▶ TASK INSTRUCTIONS
Write out the listing below exactly, and omit any images you find in it.

▶ RECORDED INFORMATION
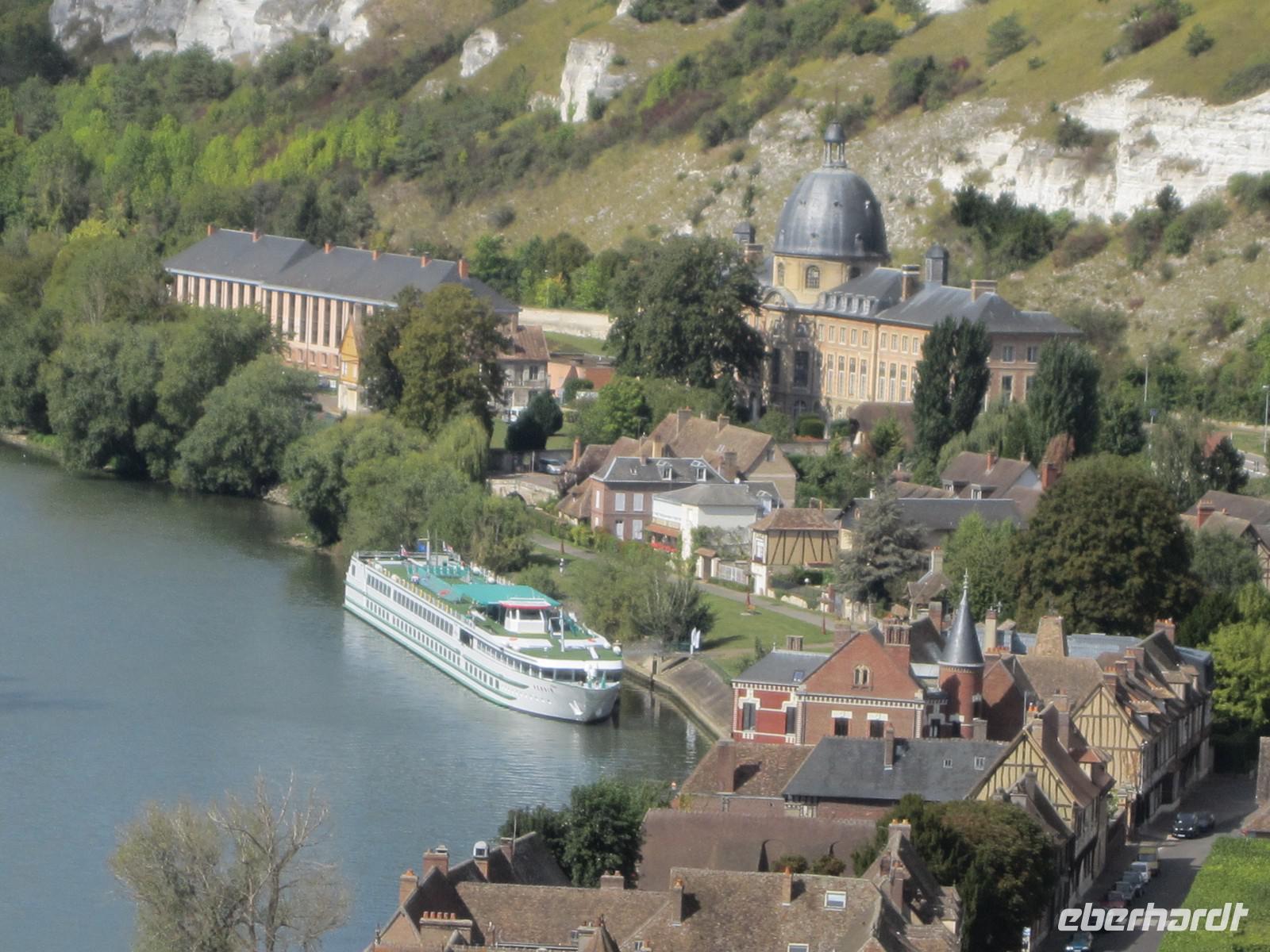Nach sportlicher und geistiger Betätigung an Bord führt uns unser Weg heute zum Chateau Gaillard. Die Festung von Richard Löwenherz aus dem 12. Jahrhundert ist bereits von Le Petit Andely aus zu sehen. Richard, der König von England und Herzog der Normandie, wird 1199 in Châlus durch den Pfeil einer Armbrust tödlich verwundet. Sein Bruder Johann Ohneland ist dem französischen König Philippe-Auguste nicht gewachsen. Der König von Frankreich greift die Festung 1203 an und belagert sie 8 Monate lang, viele Bürger verhungern vor den Festungsmauern.1204 wird das Chateau französischer Besitz, wird dann im 100-jährigen Krieg abwechselnd englisch und französisch. Ende des 16. Jahrhunderts läßt Heinrich IV. die Festung schleifen. Kapuziner und Büßermönche nutzen die Steine Anfang des 17. Jahrhunderts zur Restauration ihrer Klosteranlagen. Mitte des 19. Jahrhunderts werden die Reste des Chateau Gaillard unter Denkmalschutz gestellt. Die unbeschreiblich schöne Aussicht auf Sequana, die kurvenreiche Seine mit ihrer sanft anmutenden ländlichen Umgebung, genießen wir bei einer Kostprobe von Cidre und Calvados, den berühmten Spezialitäten der Normandie. Das dritte C der Normandie steht für Camembert, den wir heute Abend beim Abendessen verkosten. Die Crew verwöhnt uns anschließend mit einem bühnenreifen Showprogramm, das allen viel Vergnügen bereitet.
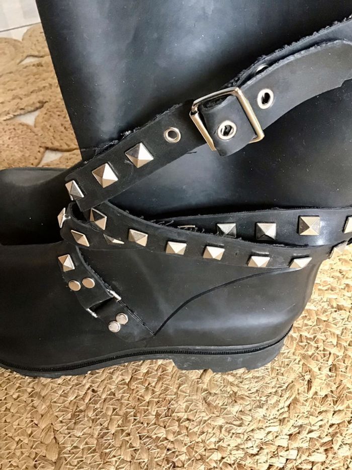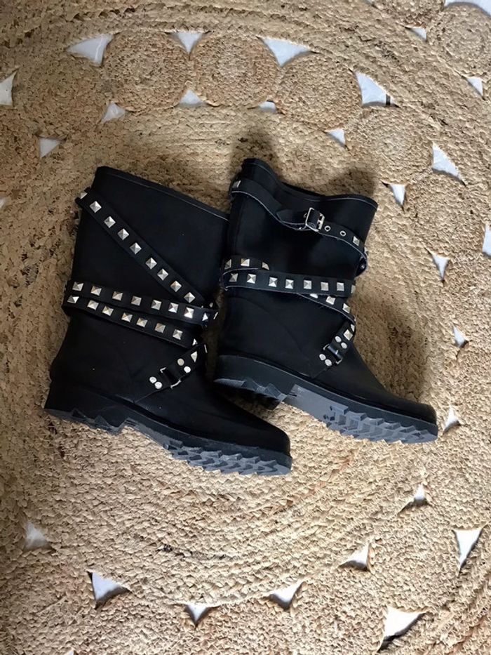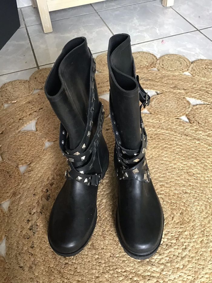 🌸 Paire de bottes en caoutchouc de pluie de coloris noir avec lanières réglable sur tout le tour de la botte de coloris noir et argenté en taille 39 Non Servis 🌸 Mixte haute de 28 cm environ ⚠️⚠️ SI VOUS DÉSIREZ FAIRE UN LOT 📦 🌸N’hésitez pas à me le demander je ferait une annonce globale de vos articles pour faire un seul FDP🌸🌸🌸 ➡️ N’HÉSITEZ PAS À M’AJOUTER DANS VOS FAVORIS
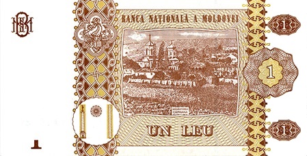 Reversul bancnotei: În interiorul unei rame imaginea grafică a Mănăstirii Căpriana cu textul sub ea „MĂNĂSTIREA CĂPRIANA”, valoarea nominală în cifre şi în litere, două elemente verticale decorative , Stema lui Ştefan cel Mare, imaginea stilizată a Columnei lui Traian, Coloana Infinitului, iar între ele semiluna, textul „BANCA NAŢIONALĂ A MOLDOVEI” și sigla BNM. |

▶ FINAL ANSWER
Nach sportlicher und geistiger Betätigung an Bord führt uns unser Weg heute zum Chateau Gaillard. Die Festung von Richard Löwenherz aus dem 12. Jahrhundert ist bereits von Le Petit Andely aus zu sehen. Richard, der König von England und Herzog der Normandie, wird 1199 in Châlus durch den Pfeil einer Armbrust tödlich verwundet. Sein Bruder Johann Ohneland ist dem französischen König Philippe-Auguste nicht gewachsen. Der König von Frankreich greift die Festung 1203 an und belagert sie 8 Monate lang, viele Bürger verhungern vor den Festungsmauern.1204 wird das Chateau französischer Besitz, wird dann im 100-jährigen Krieg abwechselnd englisch und französisch. Ende des 16. Jahrhunderts läßt Heinrich IV. die Festung schleifen. Kapuziner und Büßermönche nutzen die Steine Anfang des 17. Jahrhunderts zur Restauration ihrer Klosteranlagen. Mitte des 19. Jahrhunderts werden die Reste des Chateau Gaillard unter Denkmalschutz gestellt. Die unbeschreiblich schöne Aussicht auf Sequana, die kurvenreiche Seine mit ihrer sanft anmutenden ländlichen Umgebung, genießen wir bei einer Kostprobe von Cidre und Calvados, den berühmten Spezialitäten der Normandie. Das dritte C der Normandie steht für Camembert, den wir heute Abend beim Abendessen verkosten. Die Crew verwöhnt uns anschließend mit einem bühnenreifen Showprogramm, das allen viel Vergnügen bereitet.
 🌸 Paire de bottes en caoutchouc de pluie de coloris noir avec lanières réglable sur tout le tour de la botte de coloris noir et argenté en taille 39 Non Servis 🌸 Mixte haute de 28 cm environ ⚠️⚠️ SI VOUS DÉSIREZ FAIRE UN LOT 📦 🌸N’hésitez pas à me le demander je ferait une annonce globale de vos articles pour faire un seul FDP🌸🌸🌸 ➡️ N’HÉSITEZ PAS À M’AJOUTER DANS VOS FAVORIS
 Reversul bancnotei: În interiorul unei rame imaginea grafică a Mănăstirii Căpriana cu textul sub ea „MĂNĂSTIREA CĂPRIANA”, valoarea nominală în cifre şi în litere, două elemente verticale decorative , Stema lui Ştefan cel Mare, imaginea stilizată a Columnei lui Traian, Coloana Infinitului, iar între ele semiluna, textul „BANCA NAŢIONALĂ A MOLDOVEI” și sigla BNM. |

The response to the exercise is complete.